[[ Working data, beginning ]]
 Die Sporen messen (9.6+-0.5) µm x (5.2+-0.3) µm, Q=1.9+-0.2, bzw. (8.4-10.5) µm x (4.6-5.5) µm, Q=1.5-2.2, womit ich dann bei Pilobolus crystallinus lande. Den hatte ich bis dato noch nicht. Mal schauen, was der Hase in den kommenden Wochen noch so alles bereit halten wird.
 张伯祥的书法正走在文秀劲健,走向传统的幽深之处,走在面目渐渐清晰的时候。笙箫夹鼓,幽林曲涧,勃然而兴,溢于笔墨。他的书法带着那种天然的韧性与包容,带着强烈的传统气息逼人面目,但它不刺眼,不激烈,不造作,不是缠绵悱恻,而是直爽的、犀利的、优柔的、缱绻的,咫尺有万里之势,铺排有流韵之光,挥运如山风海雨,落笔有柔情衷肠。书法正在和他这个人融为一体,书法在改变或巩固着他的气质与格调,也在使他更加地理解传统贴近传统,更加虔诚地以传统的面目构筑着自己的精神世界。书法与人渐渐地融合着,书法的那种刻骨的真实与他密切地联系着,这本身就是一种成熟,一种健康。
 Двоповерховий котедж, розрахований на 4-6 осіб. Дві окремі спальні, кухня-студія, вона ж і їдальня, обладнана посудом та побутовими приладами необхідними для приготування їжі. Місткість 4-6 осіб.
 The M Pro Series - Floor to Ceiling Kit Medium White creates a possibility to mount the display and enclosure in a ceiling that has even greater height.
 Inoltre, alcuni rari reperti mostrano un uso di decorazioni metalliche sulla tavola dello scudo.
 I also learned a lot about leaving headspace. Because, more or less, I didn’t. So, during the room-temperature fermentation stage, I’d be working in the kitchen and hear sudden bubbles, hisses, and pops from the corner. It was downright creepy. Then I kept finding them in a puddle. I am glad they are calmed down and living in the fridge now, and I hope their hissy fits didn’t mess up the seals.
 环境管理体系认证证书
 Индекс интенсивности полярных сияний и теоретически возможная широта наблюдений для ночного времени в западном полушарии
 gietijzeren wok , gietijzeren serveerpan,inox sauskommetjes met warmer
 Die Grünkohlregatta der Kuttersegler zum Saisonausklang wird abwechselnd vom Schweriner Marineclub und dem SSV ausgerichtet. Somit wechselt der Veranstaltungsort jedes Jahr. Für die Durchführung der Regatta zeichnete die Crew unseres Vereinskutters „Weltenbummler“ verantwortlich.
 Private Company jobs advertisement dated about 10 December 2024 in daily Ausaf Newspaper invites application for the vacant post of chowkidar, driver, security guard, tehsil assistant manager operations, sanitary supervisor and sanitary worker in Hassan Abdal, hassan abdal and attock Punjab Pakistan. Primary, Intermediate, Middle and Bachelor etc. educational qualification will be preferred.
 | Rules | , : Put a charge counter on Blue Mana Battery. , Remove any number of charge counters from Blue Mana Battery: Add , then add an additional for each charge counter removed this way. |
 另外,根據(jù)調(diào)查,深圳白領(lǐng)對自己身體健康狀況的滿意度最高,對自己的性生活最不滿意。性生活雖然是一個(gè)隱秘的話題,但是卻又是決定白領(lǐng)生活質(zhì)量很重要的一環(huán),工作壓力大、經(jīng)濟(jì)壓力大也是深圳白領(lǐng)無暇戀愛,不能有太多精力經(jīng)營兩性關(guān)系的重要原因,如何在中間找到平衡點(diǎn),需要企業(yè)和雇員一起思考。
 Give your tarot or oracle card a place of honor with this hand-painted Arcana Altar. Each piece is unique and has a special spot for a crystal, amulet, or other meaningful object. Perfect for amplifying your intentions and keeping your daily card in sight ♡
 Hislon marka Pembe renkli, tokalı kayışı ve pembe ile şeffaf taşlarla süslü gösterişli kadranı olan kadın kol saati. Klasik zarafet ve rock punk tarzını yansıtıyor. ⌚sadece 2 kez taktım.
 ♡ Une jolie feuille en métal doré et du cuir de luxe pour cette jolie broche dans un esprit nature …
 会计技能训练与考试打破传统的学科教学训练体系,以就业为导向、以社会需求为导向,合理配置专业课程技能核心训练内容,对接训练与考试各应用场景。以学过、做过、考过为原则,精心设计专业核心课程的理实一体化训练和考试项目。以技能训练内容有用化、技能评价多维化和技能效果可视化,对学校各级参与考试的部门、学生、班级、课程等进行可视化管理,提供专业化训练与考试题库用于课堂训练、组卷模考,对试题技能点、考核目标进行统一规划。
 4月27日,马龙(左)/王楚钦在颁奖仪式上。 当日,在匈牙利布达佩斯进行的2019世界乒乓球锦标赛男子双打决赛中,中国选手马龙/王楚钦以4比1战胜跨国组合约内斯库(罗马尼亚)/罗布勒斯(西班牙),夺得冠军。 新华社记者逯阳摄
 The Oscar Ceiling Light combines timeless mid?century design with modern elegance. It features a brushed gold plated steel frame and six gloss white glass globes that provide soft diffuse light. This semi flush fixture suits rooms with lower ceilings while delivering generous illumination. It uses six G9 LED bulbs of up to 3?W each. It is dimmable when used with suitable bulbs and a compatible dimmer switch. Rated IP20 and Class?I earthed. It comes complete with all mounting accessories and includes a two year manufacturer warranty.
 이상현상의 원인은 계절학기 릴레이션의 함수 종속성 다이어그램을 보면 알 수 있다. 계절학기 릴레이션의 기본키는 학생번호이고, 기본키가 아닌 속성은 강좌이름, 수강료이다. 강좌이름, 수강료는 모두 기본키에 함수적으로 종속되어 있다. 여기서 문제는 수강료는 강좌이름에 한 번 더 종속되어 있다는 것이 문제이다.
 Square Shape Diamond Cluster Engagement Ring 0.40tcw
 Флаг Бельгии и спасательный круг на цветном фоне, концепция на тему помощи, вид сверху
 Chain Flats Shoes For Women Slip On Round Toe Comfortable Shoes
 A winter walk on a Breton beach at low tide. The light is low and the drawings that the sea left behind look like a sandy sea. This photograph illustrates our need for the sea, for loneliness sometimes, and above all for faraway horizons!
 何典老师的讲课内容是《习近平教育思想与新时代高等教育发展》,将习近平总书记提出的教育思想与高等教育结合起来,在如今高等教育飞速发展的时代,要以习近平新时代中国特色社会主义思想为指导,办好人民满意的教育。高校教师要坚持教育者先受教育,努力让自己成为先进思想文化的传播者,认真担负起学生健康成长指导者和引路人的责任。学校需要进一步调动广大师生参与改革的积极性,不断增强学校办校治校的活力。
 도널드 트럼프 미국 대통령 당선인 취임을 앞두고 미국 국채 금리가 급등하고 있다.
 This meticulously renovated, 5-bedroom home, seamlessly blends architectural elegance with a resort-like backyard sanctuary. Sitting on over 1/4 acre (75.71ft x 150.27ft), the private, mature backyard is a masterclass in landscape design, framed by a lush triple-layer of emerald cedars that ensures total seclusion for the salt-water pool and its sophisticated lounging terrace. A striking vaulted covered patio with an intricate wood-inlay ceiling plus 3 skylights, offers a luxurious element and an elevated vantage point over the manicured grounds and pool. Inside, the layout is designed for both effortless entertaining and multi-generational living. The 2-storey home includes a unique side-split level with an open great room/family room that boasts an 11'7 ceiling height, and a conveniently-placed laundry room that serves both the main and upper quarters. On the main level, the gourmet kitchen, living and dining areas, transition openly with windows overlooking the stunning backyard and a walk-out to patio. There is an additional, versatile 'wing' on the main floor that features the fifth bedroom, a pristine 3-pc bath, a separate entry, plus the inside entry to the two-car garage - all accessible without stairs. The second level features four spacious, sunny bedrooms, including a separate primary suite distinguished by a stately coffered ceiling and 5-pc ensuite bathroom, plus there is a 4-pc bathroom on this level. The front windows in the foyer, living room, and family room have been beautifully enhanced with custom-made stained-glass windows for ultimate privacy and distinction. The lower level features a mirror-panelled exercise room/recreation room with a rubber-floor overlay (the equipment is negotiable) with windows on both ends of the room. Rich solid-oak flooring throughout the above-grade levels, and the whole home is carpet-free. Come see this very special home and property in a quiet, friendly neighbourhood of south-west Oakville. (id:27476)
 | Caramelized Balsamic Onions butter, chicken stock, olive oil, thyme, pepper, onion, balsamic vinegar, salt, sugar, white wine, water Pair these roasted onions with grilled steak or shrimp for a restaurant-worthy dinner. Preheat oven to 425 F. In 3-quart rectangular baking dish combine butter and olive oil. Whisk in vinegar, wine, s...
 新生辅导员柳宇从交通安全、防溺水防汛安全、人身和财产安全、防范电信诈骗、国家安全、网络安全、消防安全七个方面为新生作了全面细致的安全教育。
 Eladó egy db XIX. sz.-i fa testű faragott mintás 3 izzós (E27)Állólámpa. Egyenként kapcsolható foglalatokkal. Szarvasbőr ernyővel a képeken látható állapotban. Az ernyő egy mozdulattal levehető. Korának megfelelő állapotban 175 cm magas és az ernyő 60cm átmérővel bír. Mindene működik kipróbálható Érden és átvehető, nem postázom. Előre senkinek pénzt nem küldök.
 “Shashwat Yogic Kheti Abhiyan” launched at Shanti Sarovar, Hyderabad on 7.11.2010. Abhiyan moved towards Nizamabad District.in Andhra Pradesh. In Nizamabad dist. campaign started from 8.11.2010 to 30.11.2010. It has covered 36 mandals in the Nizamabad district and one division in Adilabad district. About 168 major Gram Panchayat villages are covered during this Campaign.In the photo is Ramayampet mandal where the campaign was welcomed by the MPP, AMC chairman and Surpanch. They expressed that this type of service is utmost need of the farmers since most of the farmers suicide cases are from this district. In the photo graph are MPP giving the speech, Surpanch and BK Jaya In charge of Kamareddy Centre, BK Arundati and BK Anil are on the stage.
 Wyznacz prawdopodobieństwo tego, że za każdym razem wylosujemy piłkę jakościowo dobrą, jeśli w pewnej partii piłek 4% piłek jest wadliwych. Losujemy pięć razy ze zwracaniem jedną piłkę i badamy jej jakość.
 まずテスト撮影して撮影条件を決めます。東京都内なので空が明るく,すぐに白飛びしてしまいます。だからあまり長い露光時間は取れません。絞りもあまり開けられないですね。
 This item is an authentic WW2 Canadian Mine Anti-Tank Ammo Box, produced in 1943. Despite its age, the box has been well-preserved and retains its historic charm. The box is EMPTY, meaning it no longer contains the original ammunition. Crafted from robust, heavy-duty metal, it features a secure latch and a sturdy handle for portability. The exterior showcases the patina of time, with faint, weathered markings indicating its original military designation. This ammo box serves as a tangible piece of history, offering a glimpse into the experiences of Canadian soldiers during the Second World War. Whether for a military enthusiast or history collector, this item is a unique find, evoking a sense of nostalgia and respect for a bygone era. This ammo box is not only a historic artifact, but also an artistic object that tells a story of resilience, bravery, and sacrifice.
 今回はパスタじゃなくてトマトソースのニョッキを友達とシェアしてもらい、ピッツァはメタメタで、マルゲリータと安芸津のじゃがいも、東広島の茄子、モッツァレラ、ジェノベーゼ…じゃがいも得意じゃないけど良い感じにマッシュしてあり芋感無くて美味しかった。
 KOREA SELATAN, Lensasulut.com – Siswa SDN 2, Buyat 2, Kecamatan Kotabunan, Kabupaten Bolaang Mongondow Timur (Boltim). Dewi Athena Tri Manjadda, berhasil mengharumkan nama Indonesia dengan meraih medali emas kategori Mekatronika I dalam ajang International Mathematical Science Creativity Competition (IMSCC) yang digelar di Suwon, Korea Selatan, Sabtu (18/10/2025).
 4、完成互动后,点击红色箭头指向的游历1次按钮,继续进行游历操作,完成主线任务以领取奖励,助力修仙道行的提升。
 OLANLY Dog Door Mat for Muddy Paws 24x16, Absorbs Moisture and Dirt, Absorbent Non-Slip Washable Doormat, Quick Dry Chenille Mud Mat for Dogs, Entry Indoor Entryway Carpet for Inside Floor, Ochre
[[ Working data, end ]]
Task description: Scan the records above for the word "piece". Show each line in which it appears.

Written response:
 Give your tarot or oracle card a place of honor with this hand-painted Arcana Altar. Each piece is unique and has a special spot for a crystal, amulet, or other meaningful object. Perfect for amplifying your intentions and keeping your daily card in sight ♡
 This item is an authentic WW2 Canadian Mine Anti-Tank Ammo Box, produced in 1943. Despite its age, the box has been well-preserved and retains its historic charm. The box is EMPTY, meaning it no longer contains the original ammunition. Crafted from robust, heavy-duty metal, it features a secure latch and a sturdy handle for portability. The exterior showcases the patina of time, with faint, weathered markings indicating its original military designation. This ammo box serves as a tangible piece of history, offering a glimpse into the experiences of Canadian soldiers during the Second World War. Whether for a military enthusiast or history collector, this item is a unique find, evoking a sense of nostalgia and respect for a bygone era. This ammo box is not only a historic artifact, but also an artistic object that tells a story of resilience, bravery, and sacrifice.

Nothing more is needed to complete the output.